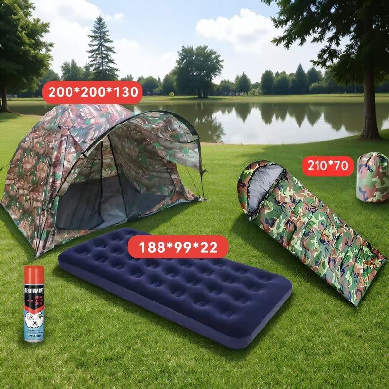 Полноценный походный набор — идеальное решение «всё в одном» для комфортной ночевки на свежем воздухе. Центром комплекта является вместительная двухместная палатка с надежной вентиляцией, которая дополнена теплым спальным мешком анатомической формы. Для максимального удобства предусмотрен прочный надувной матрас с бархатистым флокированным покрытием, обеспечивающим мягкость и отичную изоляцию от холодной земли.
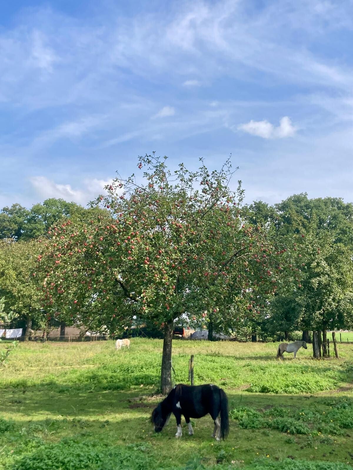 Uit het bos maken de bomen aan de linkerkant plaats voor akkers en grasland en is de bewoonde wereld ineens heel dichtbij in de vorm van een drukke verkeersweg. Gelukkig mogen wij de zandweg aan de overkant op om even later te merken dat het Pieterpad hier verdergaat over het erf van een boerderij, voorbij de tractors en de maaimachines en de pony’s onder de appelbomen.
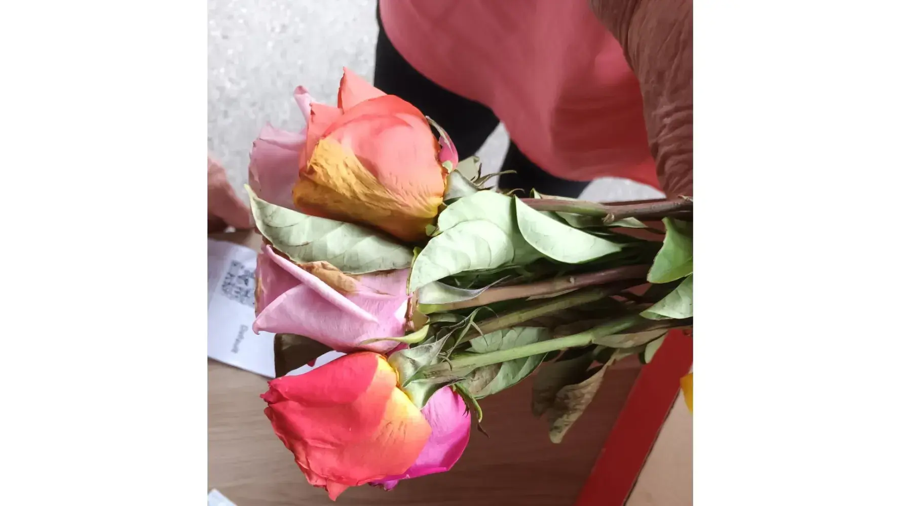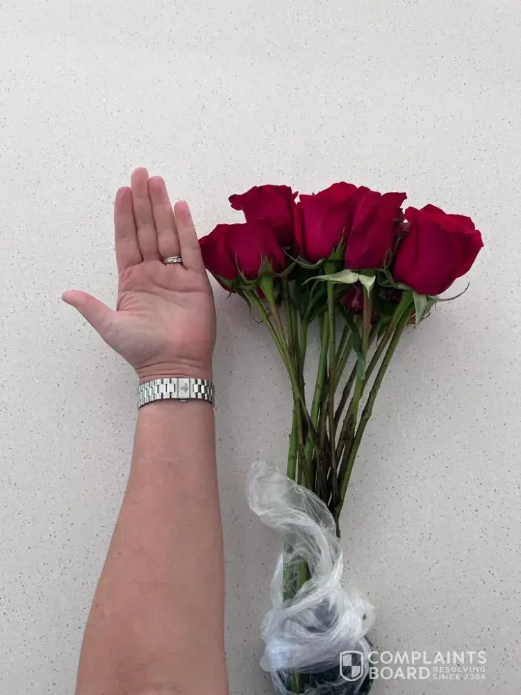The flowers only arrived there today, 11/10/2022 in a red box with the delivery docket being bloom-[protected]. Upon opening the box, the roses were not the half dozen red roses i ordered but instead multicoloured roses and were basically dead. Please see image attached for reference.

—————

**Problem requirements:** The copy should begin at the line containing "Uit het bos" and end at the last line of the data above; please restate those lines word for word without the pictures.

**Exercise answer:**
 Uit het bos maken de bomen aan de linkerkant plaats voor akkers en grasland en is de bewoonde wereld ineens heel dichtbij in de vorm van een drukke verkeersweg. Gelukkig mogen wij de zandweg aan de overkant op om even later te merken dat het Pieterpad hier verdergaat over het erf van een boerderij, voorbij de tractors en de maaimachines en de pony’s onder de appelbomen.
The flowers only arrived there today, 11/10/2022 in a red box with the delivery docket being bloom-[protected]. Upon opening the box, the roses were not the half dozen red roses i ordered but instead multicoloured roses and were basically dead. Please see image attached for reference.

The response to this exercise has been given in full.